I went to bed the evening of April 1 feeling appreciated and affirmed and grateful for the 80 years I have spent on this fragile planet.

But there was one more surprise to come and that occurred the following morning when Jessica insisted that we walk up to the Washington National Cathedral where one of her close friends, a singer and artist and also a friend of ours, was performing with some group she is in. Any normal person would think there was something fishy about a performance in the Bishop’s Garden adjacent to the cathedral at ten in the morning, but not me. Andrew and I, followed by Embry, walked up to the cathedral from our apartment (about a mile and a half) arriving just after 10 where there was no evidence of any performance but a lot of evidence of Surprise Number Four—dear friends, mainly from the neighborhood, and dear relatives–packed into the gazebo in the Bishop’s Garden with yet another round of “Happy Birthday,” coffee, bagels and, of course, a birthday cake.
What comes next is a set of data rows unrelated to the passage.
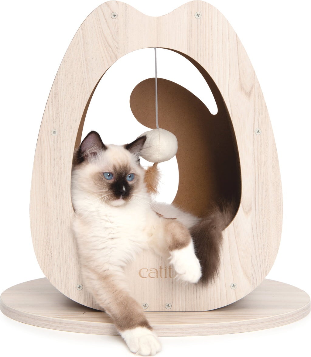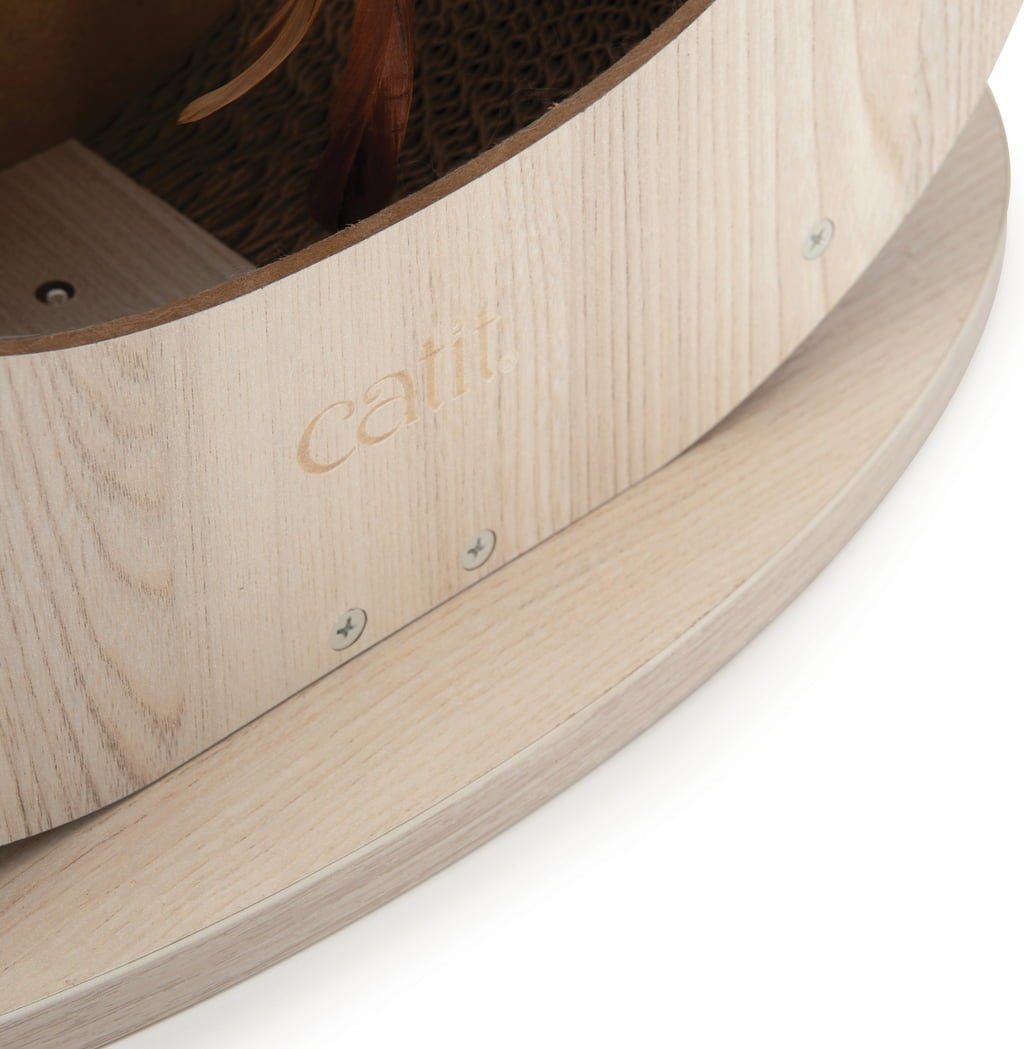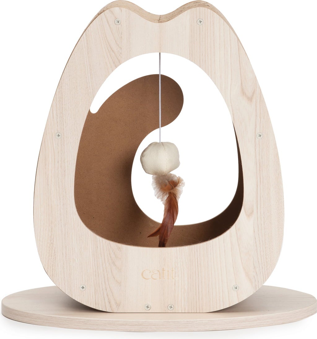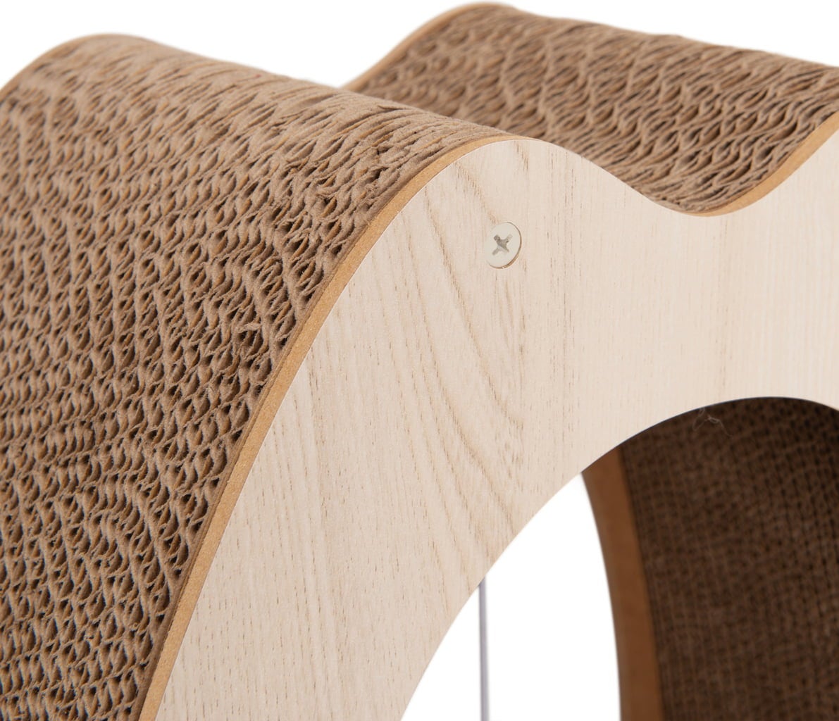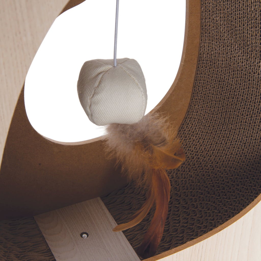 The wide Pixi Scratch Sculpture with an oak look offers your cat an excellent opportunity for scratching and playing. The robust wooden construction is equipped with replaceable cardboard elements and a ball toy, allowing your cat to fully enjoy themselves.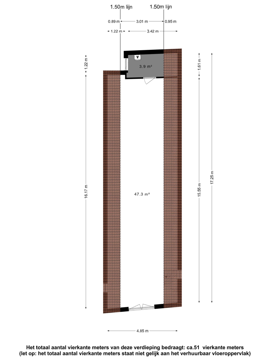 Derde verdieping: Deze verdieping ca. 82 m2 is vrijwel identiek aan de eerste verdieping, eveneens met moderne toiletruimte, moderne pantry en inpandig balkon (ca. 2 m2).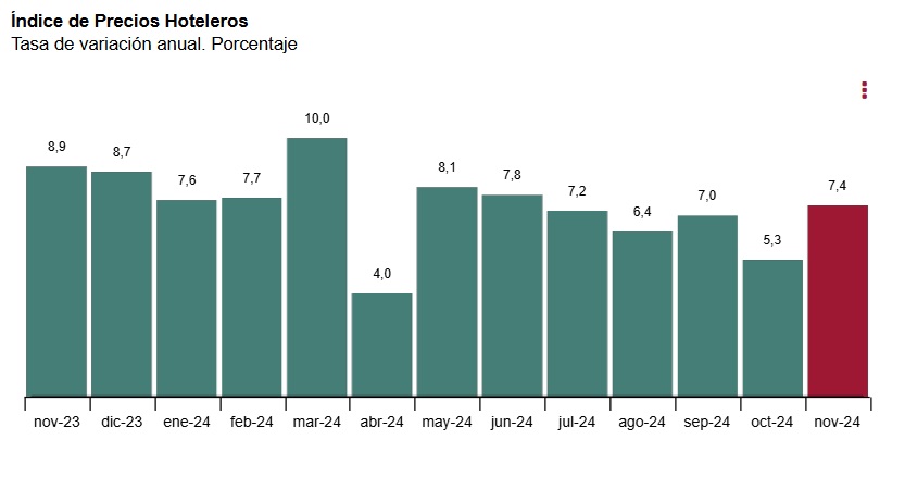 Los precios de los hoteles subieron un 7,4% en noviembre respecto al mismo mes de 2023, frente a una inflación general en ese mes del 2,4%. El precio medio de una habitación supera ya los 113 euros por noche, según el Instituto Nacional de Estadística (INE).

The weather was perfect with temperatures in the mid 60s, no wind, a Carolina blue sky and the garden in its spring splendor with cherry blossoms bursting out everywhere. This event was planned and executed by Jessica Ellis, the very same Jessica, who 30 years before pulled off perhaps the biggest of all surprise birthday events at the Takoma Park art gallery.

Folks, I have been blessed. There is nothing more to add.

 

 

 

6 thoughts on “My 80th Birthday: Four Surprises

  1. Joe,
    You are well loved. Cannot wait to visit the Wikipedia page.
    With gratitude for your friendship.
    John

  2. We can all now turn to doing some advance planning for a surprise 90th birthday party!

  3. A wonderful litany of well-deserved honors, tributes and surprises. Not to mention a wonderful, devoted family. Joe, you are blessed and deserve it all. Cheers, Larry

  4. Joe, this is all wonderful! I just read the Wikipedia article and am so impressed! Of course, I knew about your accomplishments, but I didn’t know that your middle name was “Toy, ” I’d love to hear the story about that!
    Much Love,
    Michele

    1. It was because I was SO cute as a baby.
      Actually it was a family name on my father’s side. That is why I am the “third” which I never use. It was somebody’s last name but I am not sure who. For my birthday Embry gave me a genealogy testing kit. This is good reason to use it!